• [Task goal]:
Here the job is to transcribe the data verbatim while leaving each picture out.

• [Information provided]:
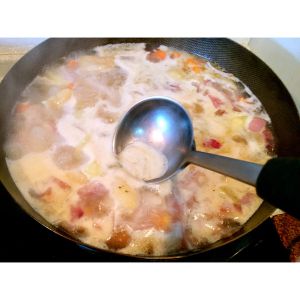 视菜多少放入咖喱。我是一个土豆一个红萝卜一碗鸡腿菇,放了三分之二盒咖喱。然后兑入一碗热水。一碗热牛奶。不想专门热牛奶的话可以半碗牛奶半碗热水掺起来兑进去比较省时间。
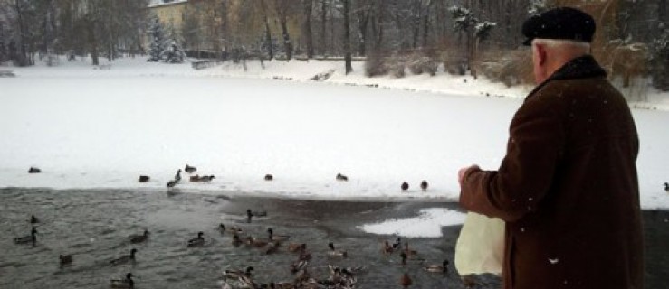 Tymczasem nad stawem spotykamy pana Antoniego Karolczaka z Jarocina, który samego siebie nazywa „etatowym dokarmiaczem”. - Jestem tu codziennie. W piekarni na Maratońskiej kupuję chleb za 50 groszy. Jest mróz, więc mamy z dziećmi nie przychodzą, a one są naprawdę głodne - mówi i rzuca kaczkom chleb. Te natychmiast podpływają i wyszarpują sobie jedzenie (ZOBACZ WIDEO).
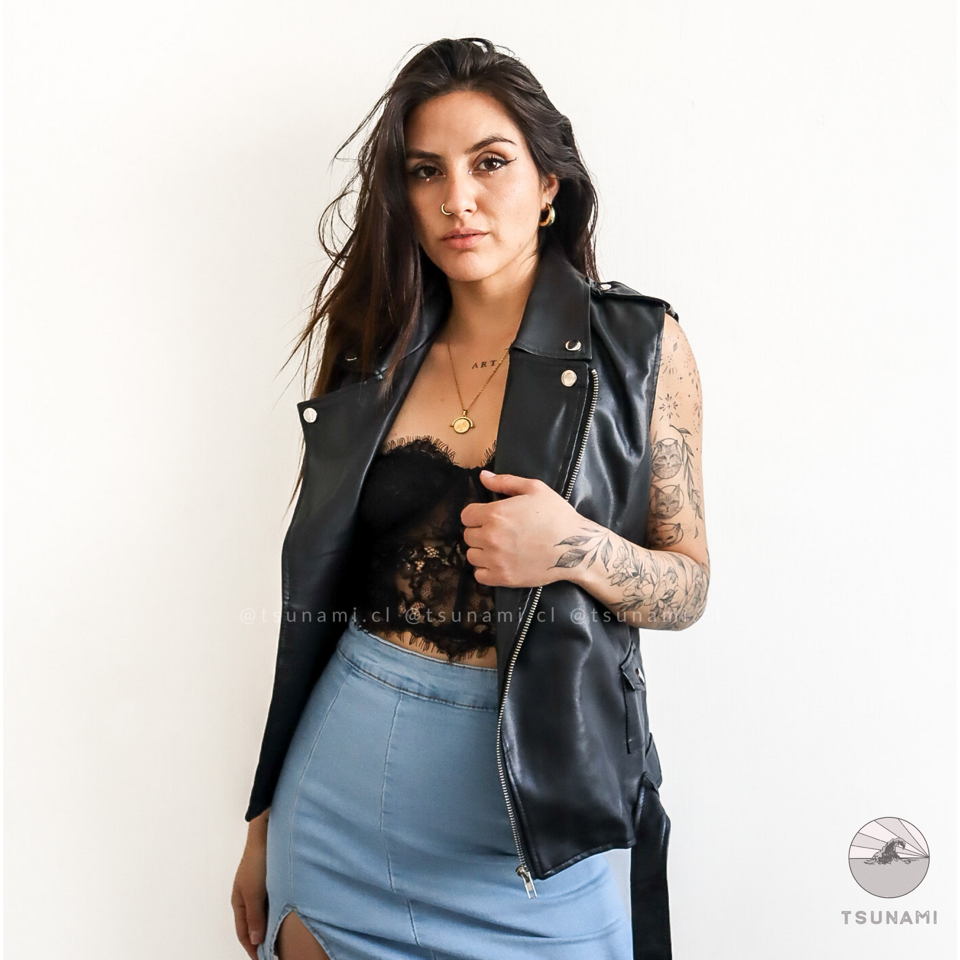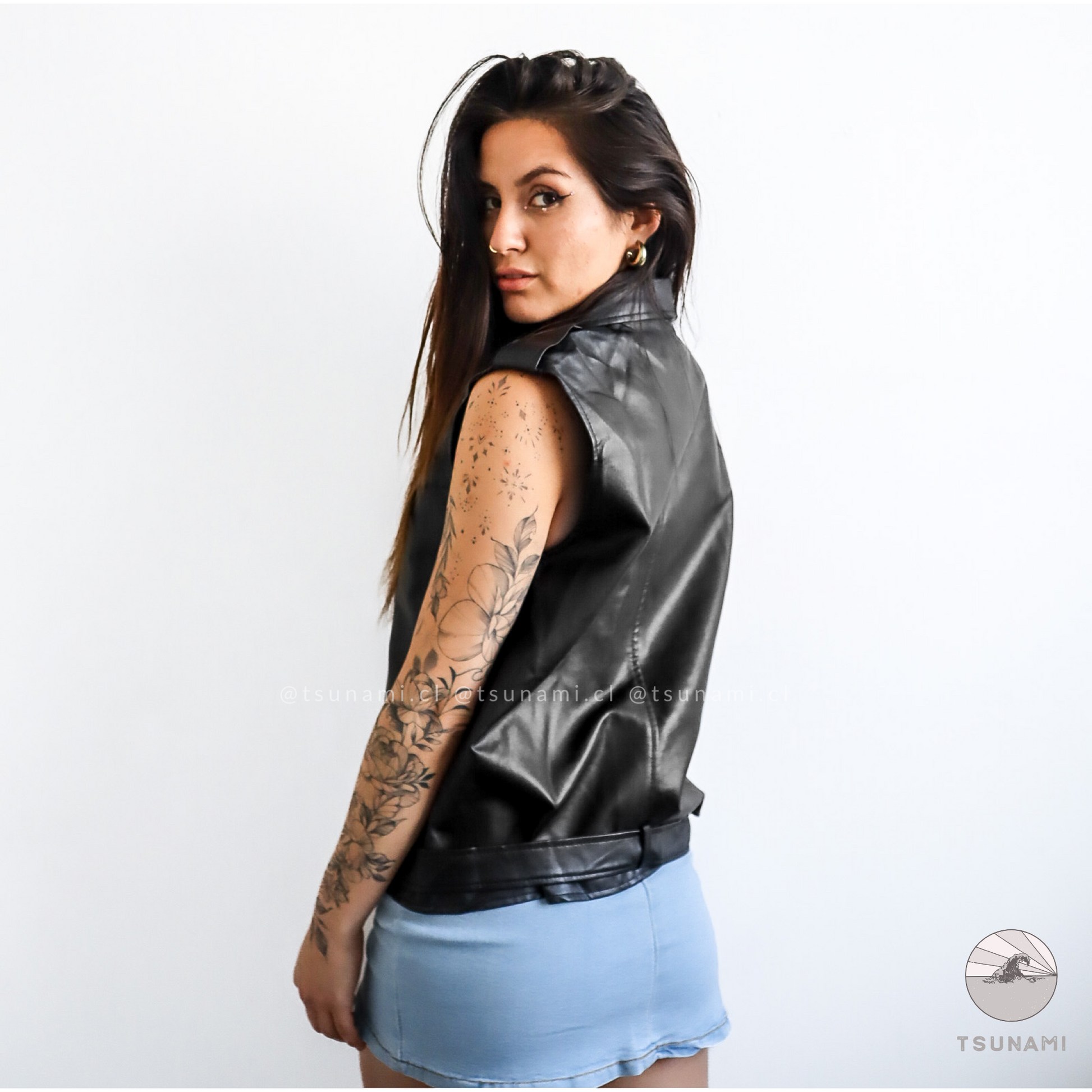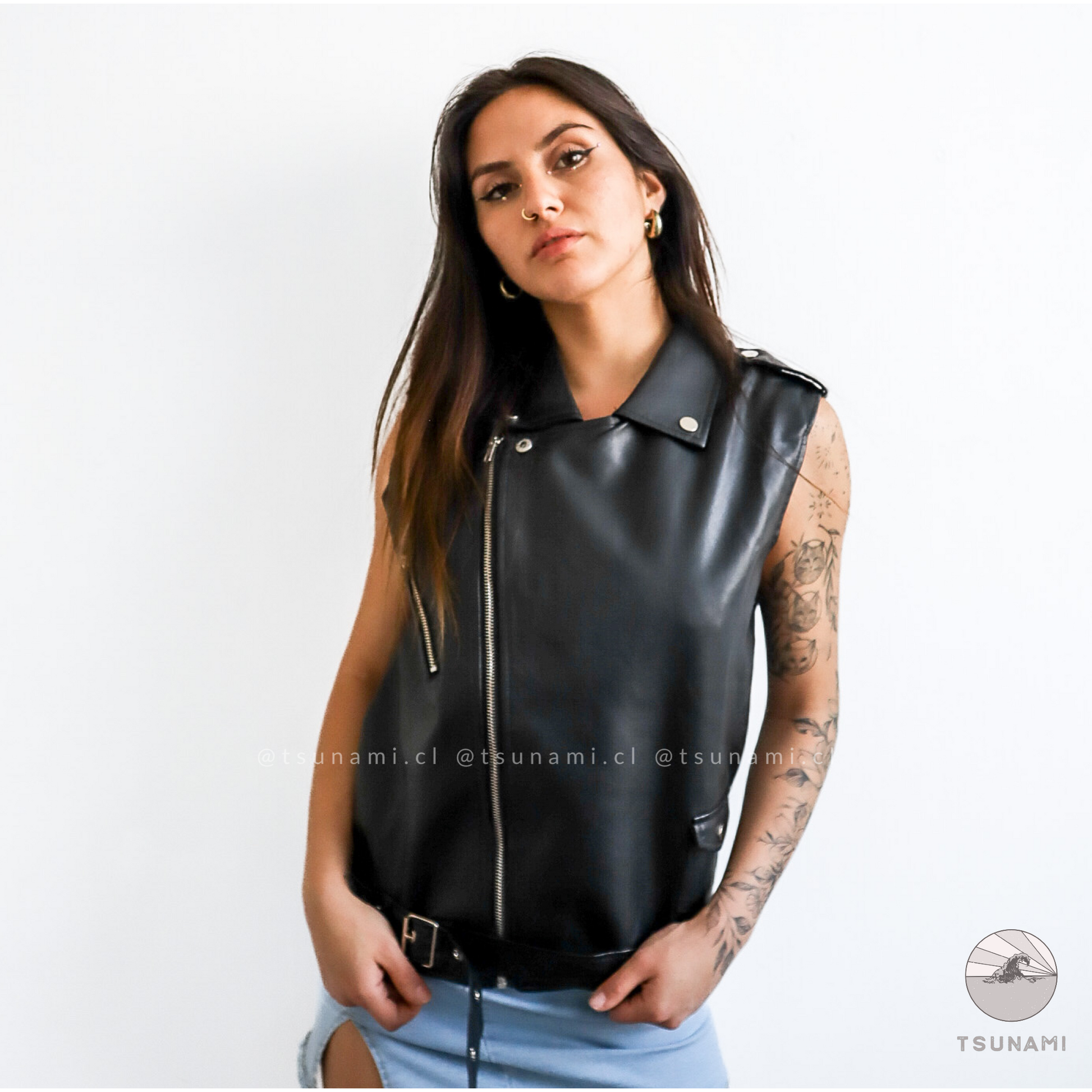Chaqueta de ecocuero, con cierre delantero y cinturón. Talla estándar S/M/L.

• [Answer to this exercise]:
 视菜多少放入咖喱。我是一个土豆一个红萝卜一碗鸡腿菇,放了三分之二盒咖喱。然后兑入一碗热水。一碗热牛奶。不想专门热牛奶的话可以半碗牛奶半碗热水掺起来兑进去比较省时间。
 Tymczasem nad stawem spotykamy pana Antoniego Karolczaka z Jarocina, który samego siebie nazywa „etatowym dokarmiaczem”. - Jestem tu codziennie. W piekarni na Maratońskiej kupuję chleb za 50 groszy. Jest mróz, więc mamy z dziećmi nie przychodzą, a one są naprawdę głodne - mówi i rzuca kaczkom chleb. Te natychmiast podpływają i wyszarpują sobie jedzenie (ZOBACZ WIDEO).
Chaqueta de ecocuero, con cierre delantero y cinturón. Talla estándar S/M/L.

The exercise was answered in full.